Clinicians treating sleep-disordered breathing in children face numerous challenges, including diagnostic dilemmas and determining when to initiate therapy, as well as unique adherence challenges to mainstay treatment.
The session, Critical Updates in Pediatric Sleep-Disordered Breathing, on Monday, October 9, featured a panel of experts who discussed the challenges in diagnosing sleep-disordered breathing in pediatric patients, the growing utilization of novel therapies, and the increasing opportunity to use advanced technologies to optimize treatment.
Diagnosing sleep-disordered breathing
Maria Castro-Codesal, MD, PhD, Associate Professor in the Department of Pediatrics at the University of Alberta, opened the session with a review of current options for diagnosing sleep-disordered breathing in children and evolving criteria and guidelines on pediatric indications for therapy.

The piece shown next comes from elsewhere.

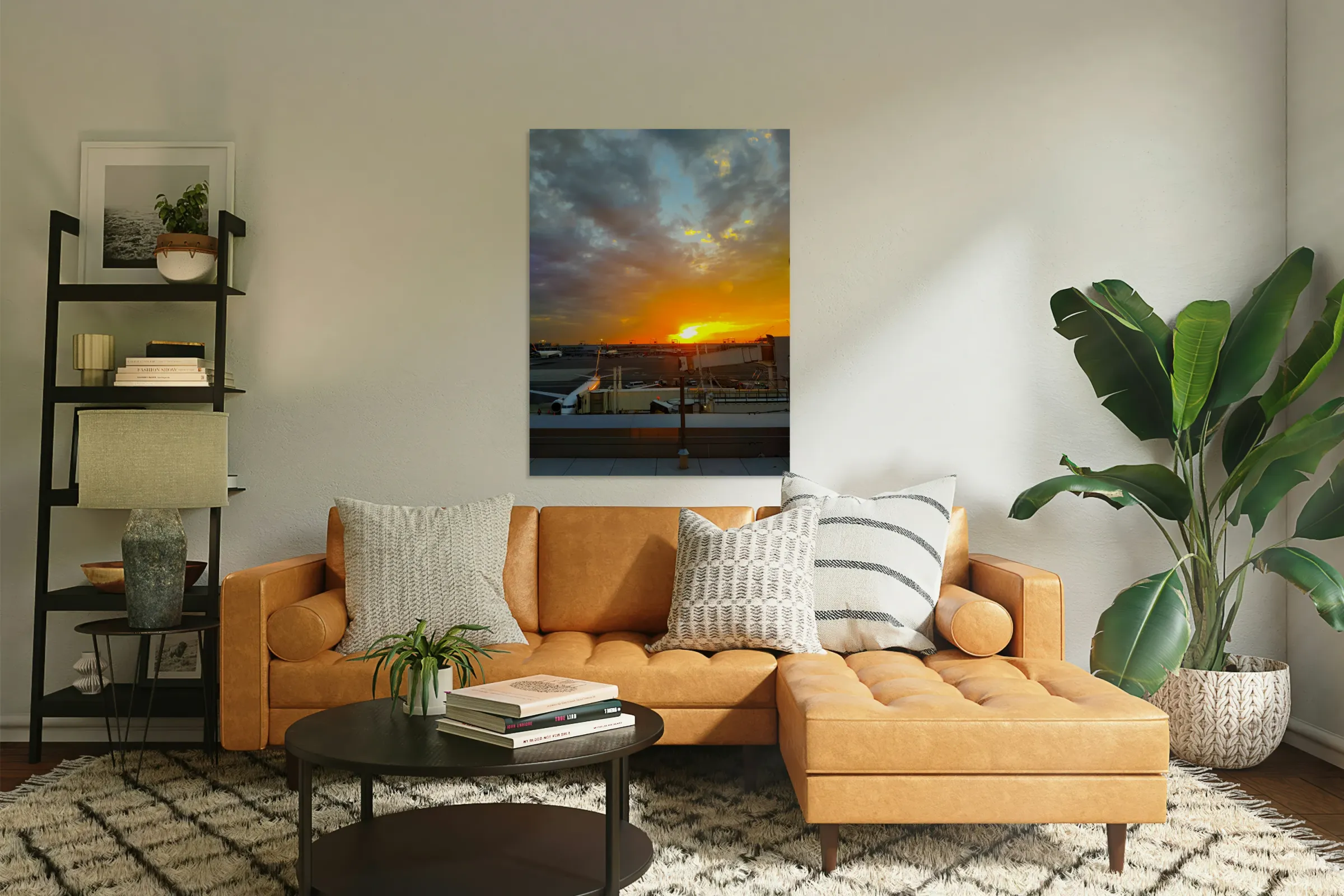 This was taken at the Delta Sky Club at JFK Airport. New York City Collection. A radiant sunset reflects over the tarmac at one of the world’s busiest airports. The dramatic cloud cover and glowing horizon symbolize transition and movement, making this a meaningful piece for travelers and dreamers alike. Ideal for home or office spaces that crave energy and light.
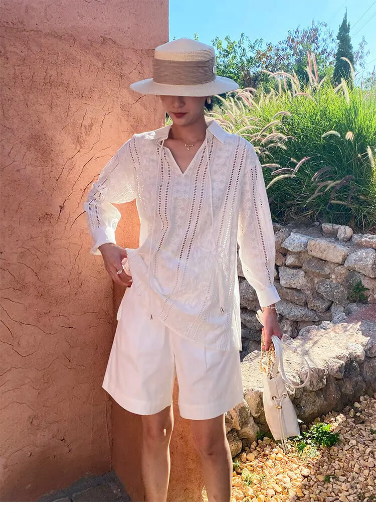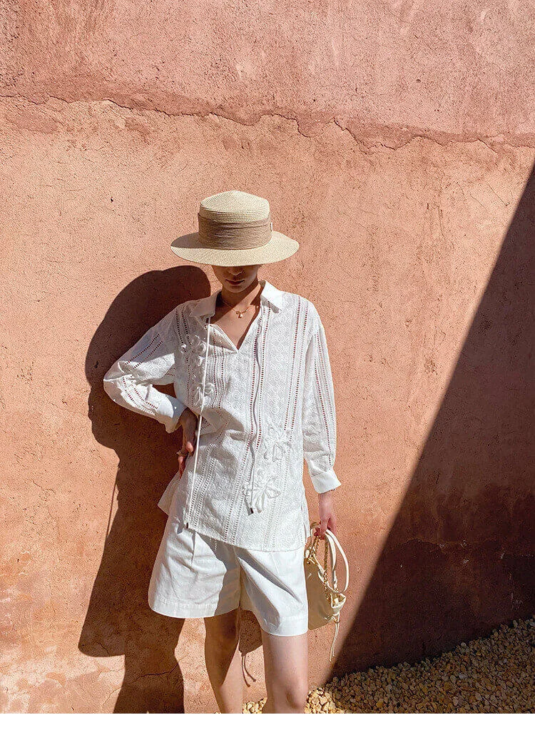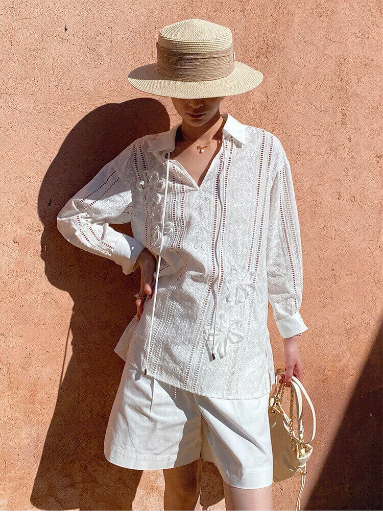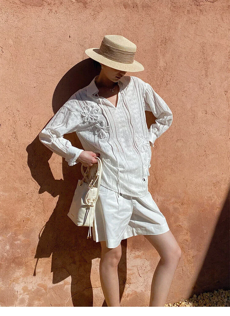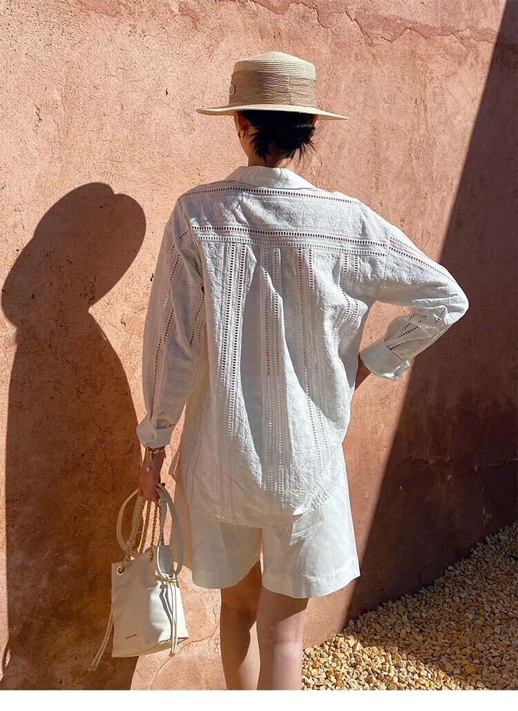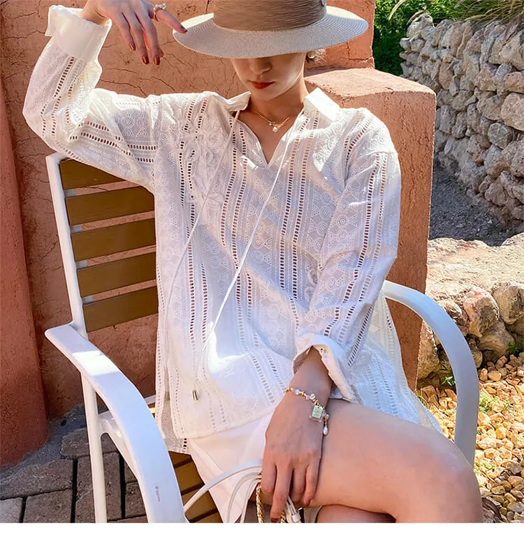 French Riviera Cotton Broderie Anglaise Long Sleeve Shirt

“[Patient] questionnaires and overnight oximetry seem sufficient to diagnose obstructive sleep apnea (OSA) in [patients who experience uncomplicated habitual snoring] prior to adenotonsillectomy; now, if there are comorbidities or patients who are less than 2 years of age, further testing might be necessary,” Dr. Castro-Codesal said.
It is less clear when to initiate positive airway pressure (PAP) therapy for these patients, but she said that symptomology is still the guiding principle.
“There is more evidence supporting that if you have symptoms and there is any kind of objective diagnostic testing that includes PCO2 monitoring, PAP therapy might be required,” she said. “There is also a rising body of literature suggesting that metabolic markers might be useful in monitoring PAP effectiveness.”
Treating persistent OSA
Refika Ersu, MD, Professor at the University of Ottawa and Director of the Sleep Laboratory and Home Ventilation Program at Children’s Hospital of Eastern Ontario, discussed current treatment options and the importance of a personalized approach to managing persistent OSA in children.
“The current treatment approach to children with OSA includes, as a first step, adenotonsillectomy in otherwise healthy children, but also children with obesity or other underlying complexity, such as Down syndrome,” Dr. Ersu said.
OSA, however, is a heterogeneous disorder, she noted, and a “one-size-fits-all” approach is no longer valid.
“Although current treatment options for persistent OSA in children are limited, with low efficacy and adherence, many new therapeutic strategies are in the pipeline,” she said. “And I just want to remind you, patient preferences and shared decision-making with families and children, for therapy, should be part of any personalized medicine approach.”
PAP therapy adherence
Rakesh Bhattacharjee, MD, Associate Professor in the Division of Respiratory Medicine and Chief of the Section of Sleep Medicine at the University of California, San Diego, talked about the challenge of PAP adherence in children and strategies to improve it.
“The definition of adherence is really based on [adults who use PAP]—this is CMS/Medicare criteria that you need to wear your PAP device for 4 hours or more for 70% of nights over a 30-day period, typically in the first 90 nights,” Dr. Bhattacharjee said. “It’s very specific, but this is what we’ve been using in the United States with regards to making decisions about continuing or withdrawing PAP therapy. But guess what, there is really no definition in pediatrics.”
There is a lack of studies looking at positive and negative factors associated with PAP adherence in children, he said, and the limited literature that is currently available is mainly based on case descriptions and anecdotal information.
“PAP adherence in children is quite variable,” he said. “Regular monitoring of [PAP device download data] can help troubleshoot and potentially optimize adherence. And I firmly believe that if we can be more scientific about offering behavioral therapy, that perhaps that would be the route to improve adherence.”
Hypoventilation management challenges
Iris A. Perez, MD, Associate Professor of Clinical Pediatrics at Keck School of Medicine of USC and Director of the Congenital Central Hypoventilation Syndrome and Diaphragm Pacing Program at Children’s Hospital Los Angeles, concluded the session with a discussion of the management challenges associated with congenital central hypoventilation syndrome (CCHS).
“Different phenotypes can actually impact our decisions about treatment options, as well as management plans,” Dr. Perez said, reiterating the need for an individualized and personalized approach.
Hypoventilation may not be the initial presentation; therefore, in these patients, she said, it’s important to continue with surveillance polysomnography, including CO2 monitoring to assess for the development of hypoventilation.
“OSA may be the initial presentation and may actually obscure the diagnosis of CCHS and may delay identification of these patients,” she said. “And it is important, because CCHS has an autosomal-dominant pattern of inheritance, to pursue comprehensive genetic testing, not only on the patient but also on family members.”